Top of Input records
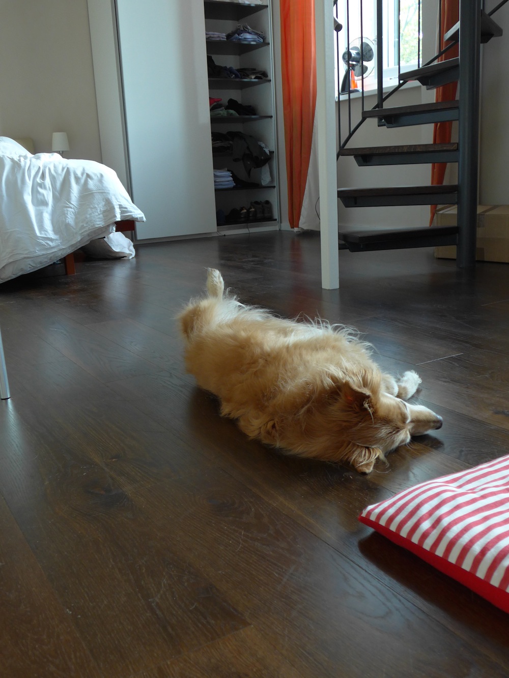 In the new apartment, the slightest excitement (imminent walk, biscuit time) does indeed cause Elsa to slip and slide all over the Parkett but she complains about it a lot less than her owners.
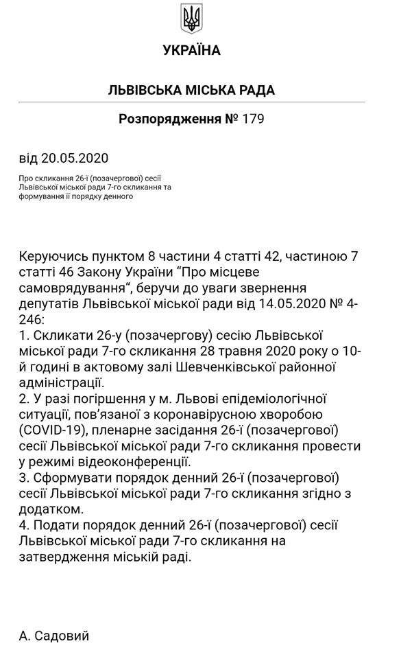 “На вимогу депутатів Львівської міської ради, Андрій Садовий скликає позачергову сесію”, – йдеться у дописі.
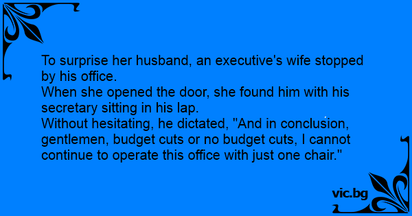Con la idea de darle una sorpresa a su marido, una señora pasa a la oficina de su esposo sin avisar. Al abrir la puerta lo encontró con su secretaria sentada en su regazo. Sin titubear, el marido...
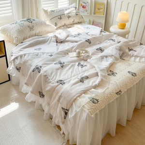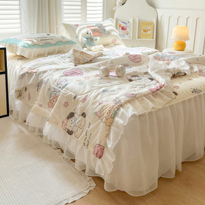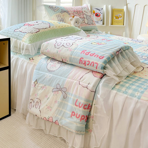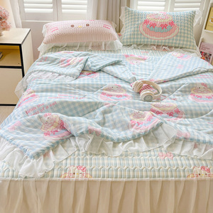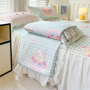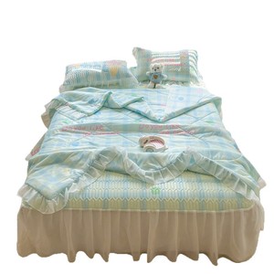 漫画ベッドスカートスタイルクールシルクマット夏クールキルト洗濯機で洗える3点セット夏キルト4点セット学生寮
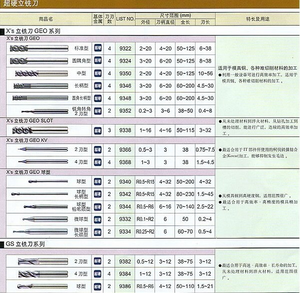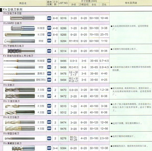 | 超鈷鋼端銑刀系列 | |||
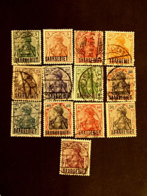 Saar Saargebiet 1920 Overprints on Germany Stamps SG 32 to 44 Used
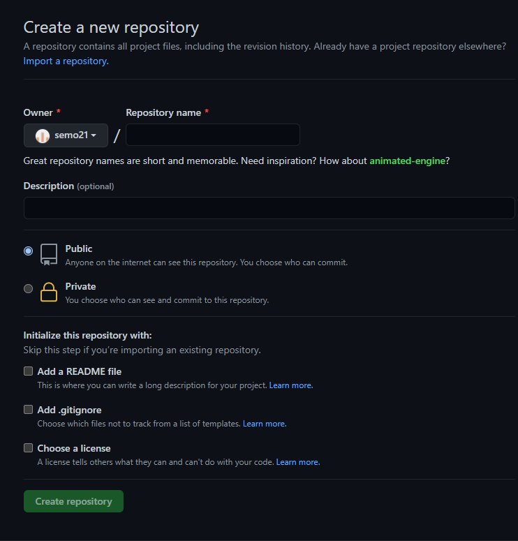 - 그러면 위 사진과 같이 여러 항목들이 뜨는데, Owner와 Repositoryname만 기입한다면 괜찮다.
Bottom of Input records
§ Exercise details: Please transcribe, word for word, every line from the one containing "超鈷鋼端銑刀系列 | |||" through the last line of the records, both included, and leave the pictures out.

§ Written solution:
 | 超鈷鋼端銑刀系列 | |||
 Saar Saargebiet 1920 Overprints on Germany Stamps SG 32 to 44 Used
 - 그러면 위 사진과 같이 여러 항목들이 뜨는데, Owner와 Repositoryname만 기입한다면 괜찮다.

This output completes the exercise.